Greece

Greece

Following the thread of the history of perfume we arrive at one of its most important milestones: Greece. Everything that represented beauty, aesthetics, harmony, proportion, and balance had a divine origin in classical Greece and was personified in divinities and mythological heroes. It is not strange, therefore, that they believed that the ointments and perfumes that contributed to this exaltation of beauty also had a divine origin.

According to Homeric tradition, it was the gods of Olympus who taught men and women to use perfume. Mythology has many stories in which goddesses, nymphs and other characters were believed to be the creators of fragrances. Thus, the rose, which was once white and odourless, gained its red colour and penetrating aroma from the day Venus was stuck by a rose bush thorn, her blood dyeing the flower red. The rose became so beautiful that Cupid, on seeing it, kissed it and gave it the aroma that it has today.

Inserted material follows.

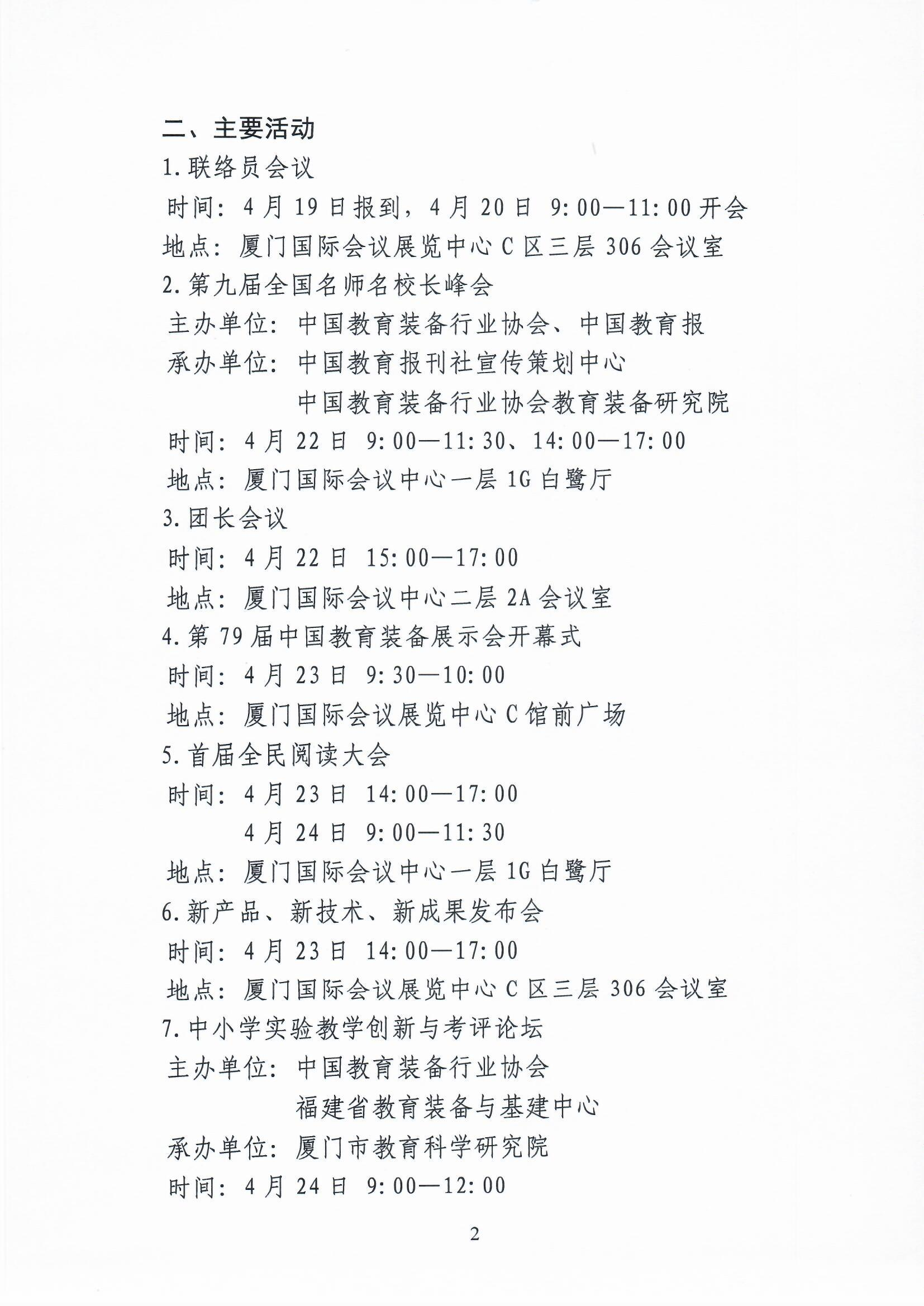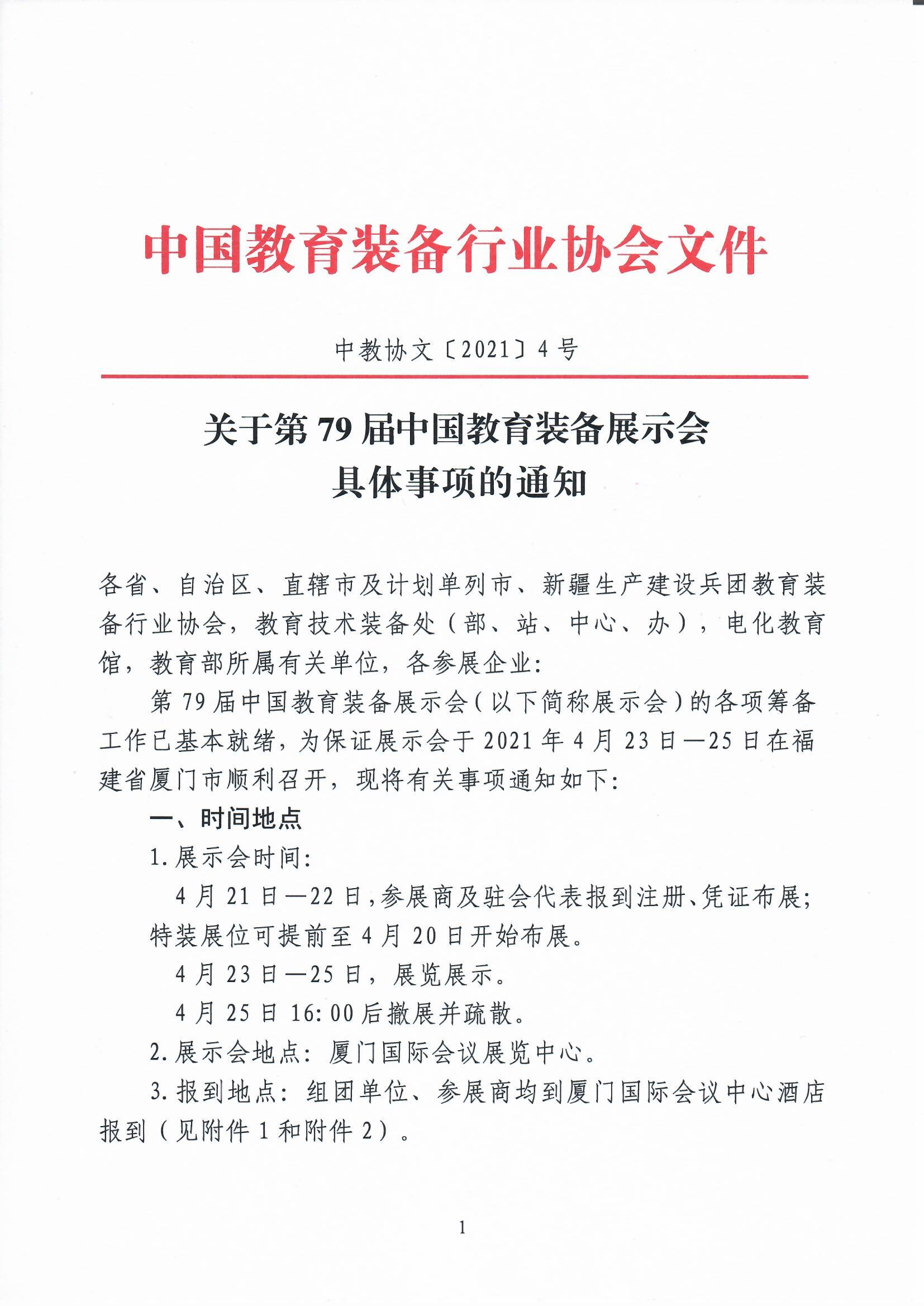 第79屆中國教育裝備展示會(以下簡稱展示會)的各項(xiàng)籌備工作已基本就緒,為保證展示會于2021年4月23日—25日在福建省廈門市順利召開,現(xiàn)將有關(guān)事項(xiàng)通知如下:

On another occasion Venus was bathing at the edge of a lake and was surprised by several satyrs. Fleeing, she found cover among some myrtle bushes and was able to hide from the satyrs. In her gratitude, she gave the myrtles the intense fragrance they now give off. When Smyrna committed her great sin, she was turned into a tree as punishment, but she wept so bitterly that the goddesses took pity on her and turned her into the myrrh tree that weeps aromatic resins.

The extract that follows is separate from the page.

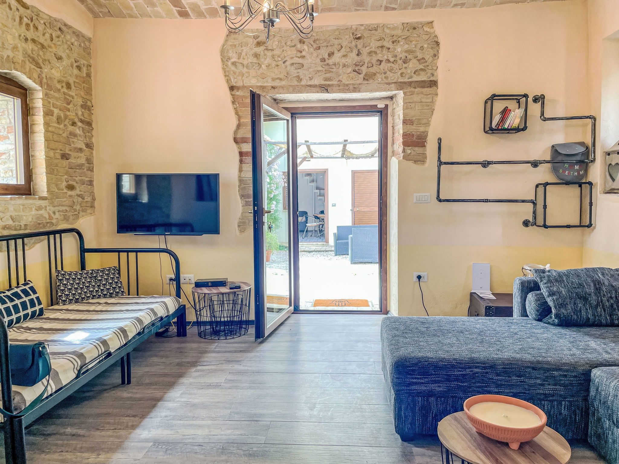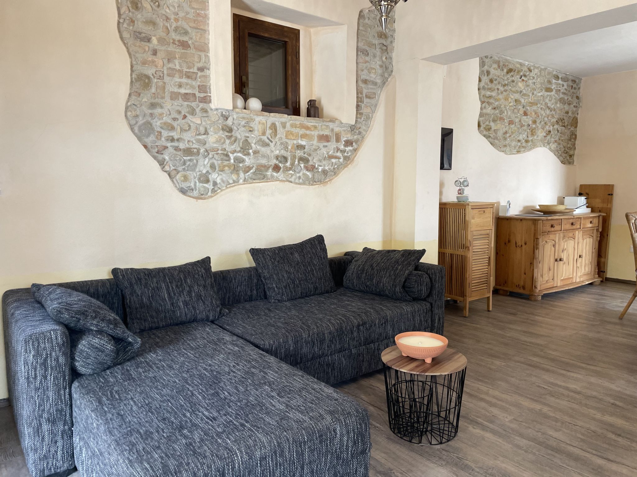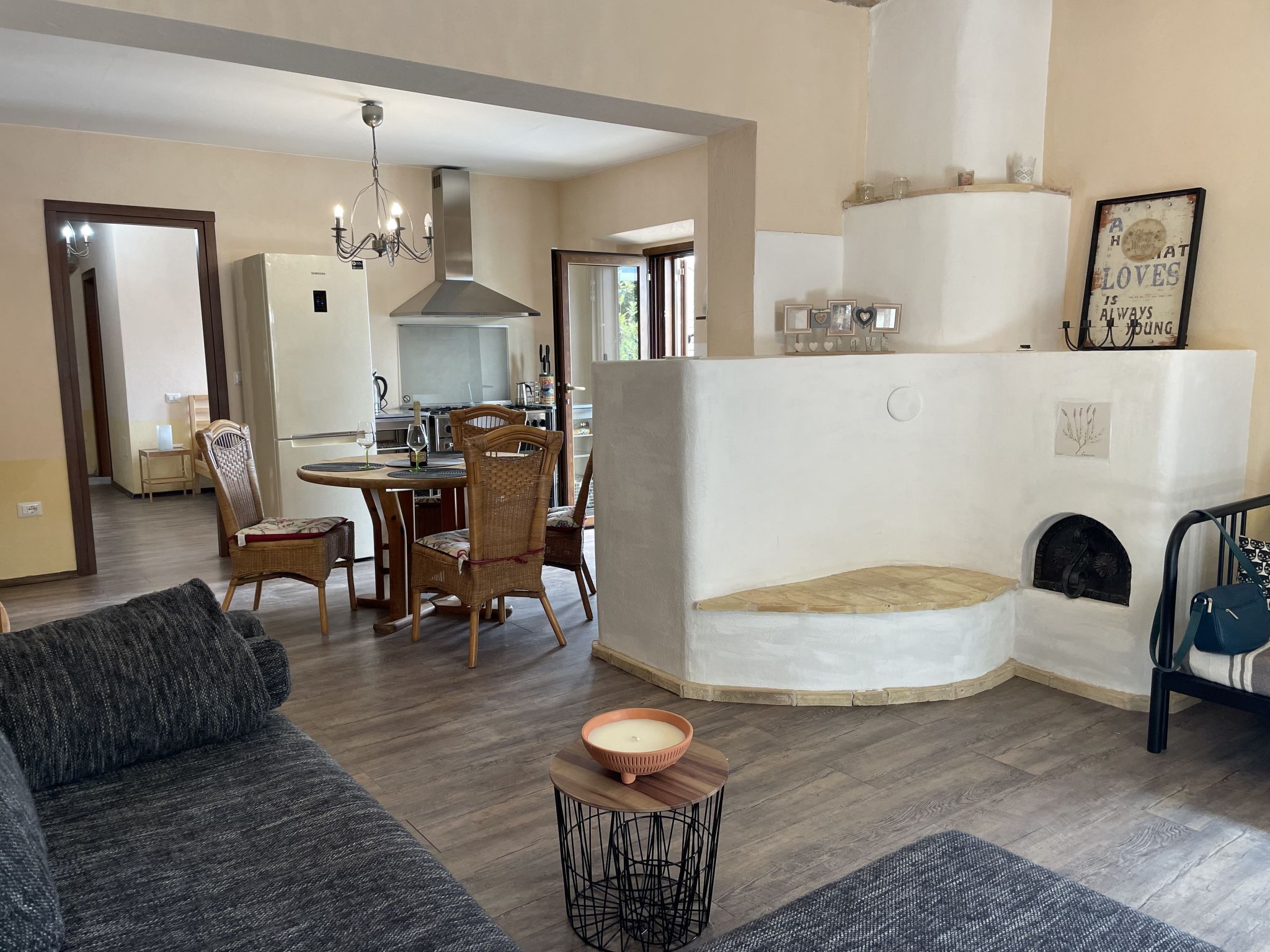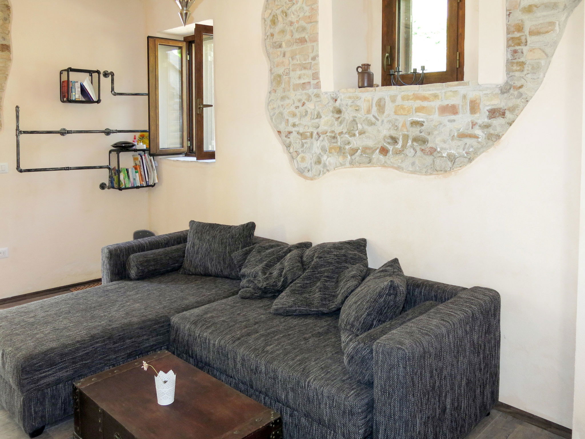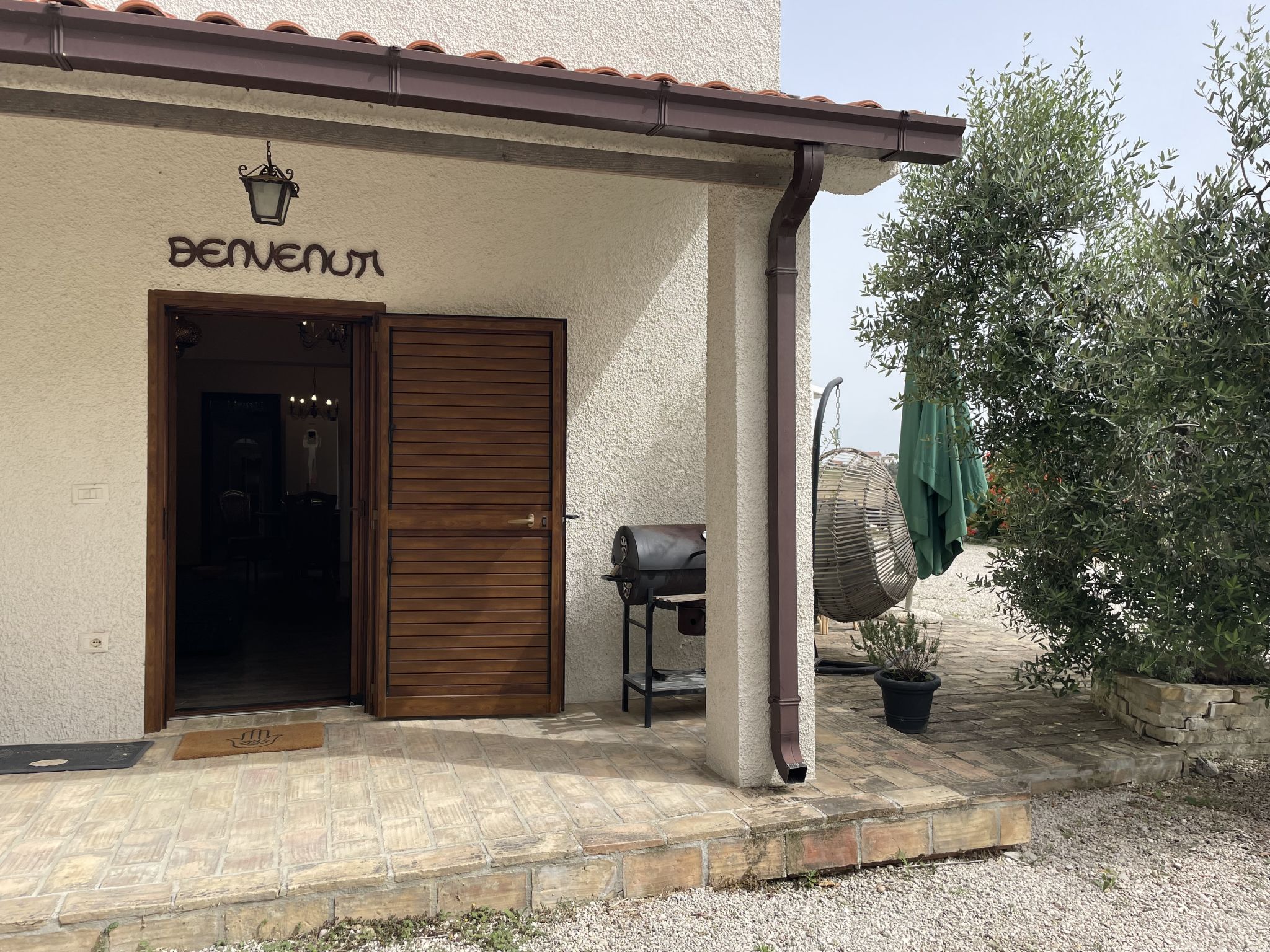 Very beautiful, rustic, comfortable country house "Serrani", renovated in 2018, surrounded by meadows and fields. 2 houses in the residence. 4 apartments in the residence. 8 km from the centre of Roseto degli Abruzzi, 13 km from the centre of Giulianova, 17 km from the centre of Pineto, in a secluded, sunny position on a slope, 6 km from the sea, in the countryside. For shared use: natural state property 5 ha, beautiful terraced garden, 5'000 m2 (not fenced) with plants and trees, orchard, lawn for sunbathing, swimming pool (above ground) (10 x 5 m, depth 130 cm, seasonal availability: 01.Jun. - 28.Sep.). Patio, arbour, pergola, garden furniture, barbecue. In the complex: hot tub (extra). Washing machine (for shared use). 100 m long bumpy motor access to the house. Stepped path to the house. Parking on the premises. Shop 1 km, supermarket 8 km, bus stop 500 m, railway station "Roseto degli Abruzzi" 8 km, sandy beach 6 km. Local sale of farm products. Please note: Additional accommodations can be booked.

Aside from mythology, the origin and development of perfume in Greece can be traced to neighbouring Crete and to its colonies, as well as to Syria and other Mediterranean cultures. The perfumers of these countries set up their businesses in Greek cities and sold the products they made in small shops, called kiosks, in the agoras or public markets. The Greeks were quick to learn and soon began importing oriental essences, quickly becoming great masters in the making of ointments and perfumes. Men and women used them in such abundance that Solon, one of the Seven Sages of Greece, forbade the use of essences to limit the expenses incurred by their import.

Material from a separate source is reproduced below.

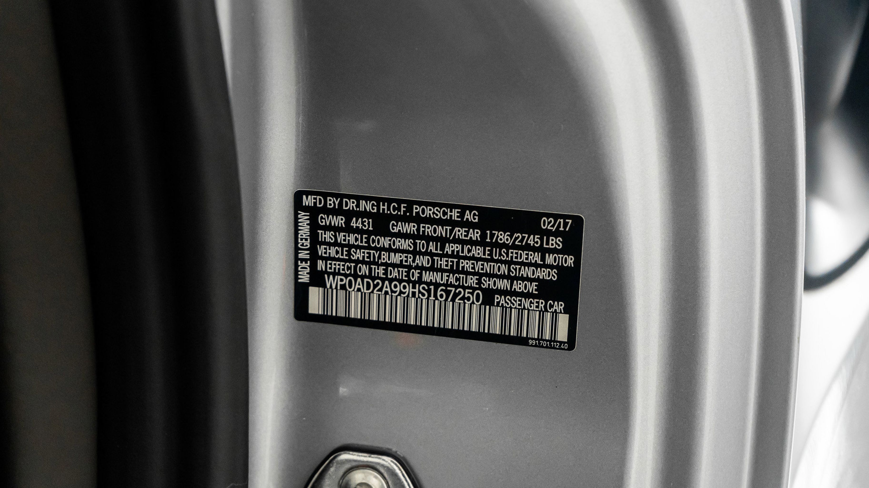 *** VIN: WP0AD2A99HS167250

These restrictive laws, which went against the will of the majority, were short-lived, and the custom of wearing perfumes and offering them to the gods after animal sacrifices was quickly taken up again and incense and myrrh were once again used in liturgical acts. These sweet-smelling resins were imported from Arabia and were extremely expensive, to the point that Herodotus mentions that he once saw Alexander the Great offer a large quantity of incense in front of an altar, and his teacher Leonidas rebuked him, saying: “Thus you may sacrifice when you have conquered the regions where frankincense grows”. Alexander did not respond, but later, when he conquered Arabia, he sent Leonidas a shipment of 500 talents of frankincense and 100 of myrrh.

But not everyone in Greece was fond of fragrances. Socrates did not like them and claimed that men should not use perfumes, since every man, whether slave or free, immediately smells the same once anointed with perfume, On the other hand, Diogenes, a sloppy, rather dirty man who allegedly lived inside a wine cask, perfumed his feet and justified it by saying: “When you anoint your head with perfume, it flies away in the air and birds only get the benefit of it, whilst if I rub it on my lower limbs it…ascends to my nose”. The Greeks enormous contribution to perfume was to apply their art to the bottles that were used as containers for storing fragrances and which are unsurpassed in beauty even today. The Greeks made a range of different pottery for all uses, which can be categorised into seven types for storing perfumes: decorated with geometric motifs, whimsical animals or mythological or everyday scenes with black-figure or red-figure decorative elements, depending on the period. The most classic and widespread was the lekythos, a slender and elegant vessel so popular that in Greece it was said that someone “who did not have a single lekythos” was truly poor.